— Так вот, оба эти друга однажды пришли наниматься в хор. Регент, или хормейстер, как водится, заставил их держать экзамен. Спел что-то Алексей Максимович. Потом спел Фёдор Иванович. А кончилось дело анекдотично. Горького зачислили в хор, а Шаляпину отказали.

   — Вы хотите сказать...

   — Да, я хочу сказать следующее: когда это ваше стихотворение будет перепечатано в журналах, сборниках, альманахах двадцатый раз — вспомните, пожалуйста, чудака Сакулина, который предсказал вам это.

...Безветренный, затаился июльский полдень. Плыл вдоль улицы зной, струящимися миражами взмывал ввысь вдали, и люди, попадая в них, как бы таяли, расплывались. Тротуары и мостовые раскалены, словно в Африке. Извозчичьи пролётки укрывались в тени, лошади сонно понурили головы. Жара. По теневой стороне Даниловской улицы, покой которой нарушал грохот трамваев, не спеша топал тяжёлыми сапогами вольноопределяющийся, истово, с подчёркиваемой почтительностью, даже с некоторым демонстративным подобострастием козыряя, отдавая честь, встречным офицерам. Странный это чин — вольноопределяющийся: он не офицер, но и не солдат, и погоны у него оплетены трёхцветным кручёным шнурком. Это был Воскресенский.

Есенин не узнал его в первый момент. Смутно разбираясь в званиях и родах войск, он подумал, что явился какой-то полицейский чин, возможно даже с новым обыском, и только когда Владимир Евгеньевич, неумело приложив ладонь к козырьку фуражки, улыбнулся и сказал:

   — Здравия желаю, господин Есенин! Бумагу мараем, рифмованно строкогонствуем? — Есенин узнал своего старшего друга, столь внезапно преображённого, отшвырнул ногой стул и захохотал в изумлении:

   — Владимир Евгеньевич? Что за маскарад?! Умру от смеха! Вы — ряженый. Забавный, совсем чужой. Где вы раздобыли такое одеяние? Снимайте его скорее, вы совсем не похожи на себя...

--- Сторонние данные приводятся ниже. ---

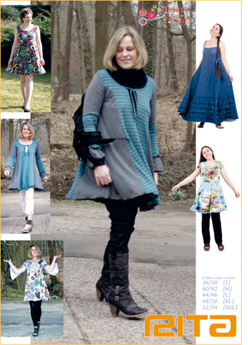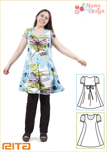 RITA kann als Tunika, als Top, als Maxikleid, in Lagenlook genäht werden. Besonders eignen sich auch großgemusterte Stoffe.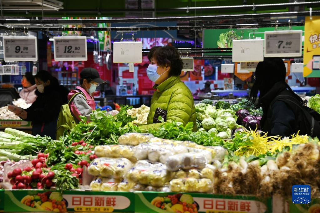 3月14日,市民在青島市市南區一商超選購蔬菜。

   — Я, Сергей Александрович, воин славной и непобедимой русской армии. И со мной шутки плохи. Пуля — дура, штык — молодец. Взвейтесь, соколы, орлами...

Корректор снял с себя китель, повесил его на спинку стула, остался в одной нательной рубашке, прижатой к плечам широкими помочами. Он раскинул сильные руки и вольготно вздохнул, словно избавился от оков. Есенин не переставал удивляться:

   — Как же это вышло, Владимир Евгеньевич? Вас призвали в армию или вы в самом деле...

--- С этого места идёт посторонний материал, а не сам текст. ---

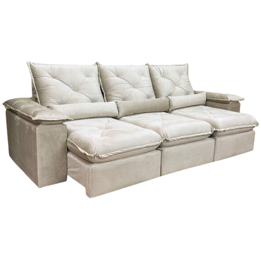 Sofá Retrátil e Reclinável Arezzo 2,50 m Veludo Marfim – ARJAN DECOR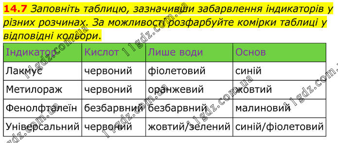 14.7 Заповніть таблицю, зазначивши забарвлення індикаторів у р ізних розчинах. За можливості розфарбуйте комірки таблиці у відповідні кольори. Індикатор Кислот Лише води Основ Лакмус червоний фіолетовий синій Метилораж червоний оранжевий жовтий Фенолфталеїн безбарвний безбарвний малиновий Універсальний червоний жовтий/зелений синій/фіолетовий

   — Вызвался сам. Так сказать, доброволец, — сказал Воскресенский. — Так надо.

   — Но войны же ещё нет, и, может быть, она вообще не случится. Минует нас чаша сия.

   — Не минует, Сергей Александрович. — Вечный студент проговорил это сурово и огорчённо, точно против воли смирился с чем-то зловещим и неизбежным, подобно року. — Война стоит на пороге каждого дома, каждой избы, скоро уже постучится в дверь. Возмущённый вызов рабочего класса царизму принимает такие размеры, что трещит по всем швам самодержавная государственность. Одряхлела она. Царь Николай, затевая войну, кроме претензий территориальных имеет намерение потопить в крови сражений рабочее движение. Не забывайте, что в силу вступит закон военного времени.

Неистовое смятение словно бы кидало Есенина по комнате, глаза его тревожно потемнели и расширились, ворот белой косоворотки, застёгнутый на все пуговицы, врезался в шею, давил.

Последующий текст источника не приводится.